Kristin gulped. For a moment she actually considered turning back, going through with the marriage to Jascha. Held up alongside the prospect of five days with Zachary Harmon, under the harshest of conditions, life in the palace didn’t look so bad. “Oh,” she said.
Zachary jammed the jeep into gear, and they were moving up the mountain again. When they’d traveled for what seemed like hours to Kristin, in relative silence, he finally brought the vehicle to a stop. In the glare the headlights she could see two horses, saddled and tethered by long ropes to a tree. Nearby were canvas packs.
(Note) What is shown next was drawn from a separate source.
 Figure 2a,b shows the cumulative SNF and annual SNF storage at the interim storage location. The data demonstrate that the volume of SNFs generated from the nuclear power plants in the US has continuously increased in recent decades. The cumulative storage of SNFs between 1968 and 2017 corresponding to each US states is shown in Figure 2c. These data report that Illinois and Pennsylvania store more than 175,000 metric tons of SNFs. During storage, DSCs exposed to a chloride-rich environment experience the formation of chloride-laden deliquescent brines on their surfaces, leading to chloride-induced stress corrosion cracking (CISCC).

When Zachary shut off the lights, everything disappeared for a moment. Kristin waited for her eyes to adjust to the moonlight, but her recalcitrant rescuer immediately got out of the Jeep and started moving around in the darkness.
“I don’t see why we have to take horses,” Kristin reasoned as she lowered herself delicately to the running board and then the ground, “when we have a perfectly good Jeep.”
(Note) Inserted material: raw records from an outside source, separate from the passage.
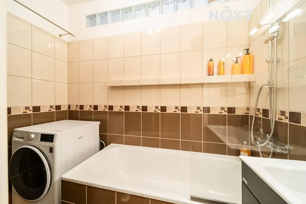Koupelna je vybavena vanou se zástěnou, což umožňuje jak pohodlnou koupel, tak i sprchování.
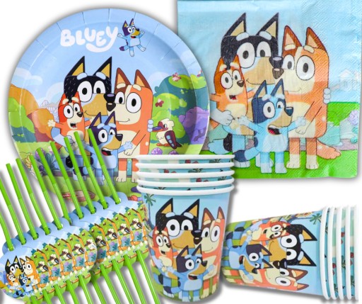 W ofercie posiadamy także inne produkty z serii Bluey: maskotki, balony, toppery, girlandy, kubki, talerze, serwetki czy zestawy naklejek.
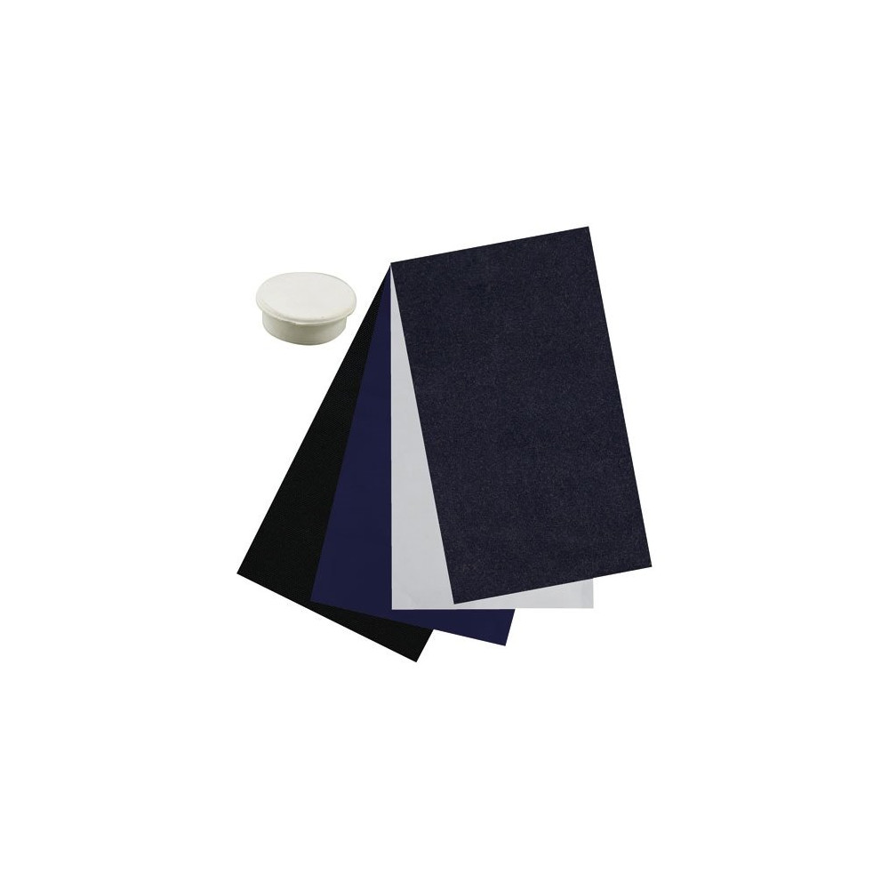 Le kit contient 5 éléments complémentaires pour couvrir toutes les situations : un bouchon de matelas pour gonfleur, deux patchs autoadhésifs PVC (un bleu et un transparent) de 15 x 7,5 cm chacun, un patch autoadhésif PVC floqué bleu de même dimension pour une réparation esthétique, et un patch autoadhésif polyester noir de 15 x 7,5 cm pour les matériaux spécifiques.

“There are some places,” Zachary told her, untying one of the nickering, restless animals, “where only a horse can go.” He handed her the reins, and Kristin stood there looking at him, shivering. She hadn’t been in the saddle since she was five years old and staying with her mother’s parents while Alice and Kenyan put the embassy in order. Her grandfather had taken her for a pony ride at the beach.
Without her having to say she was cold, Zachary brought a fleecy jacket from one of the packs and handed it to her, along with a pair of sturdy boots and heavy socks. Only then did she realize she’d been barefoot through the escape from the palace.
With a little shake of her head, Kristin dropped the reins and sat down on a nearby stump to put on the socks and boots. Between those clodhoppers and her ill-fitting, scratchy cotton pajamas, she’d be a sight.
Zachary snatched back the reins and held them impatiently while she prepared to travel.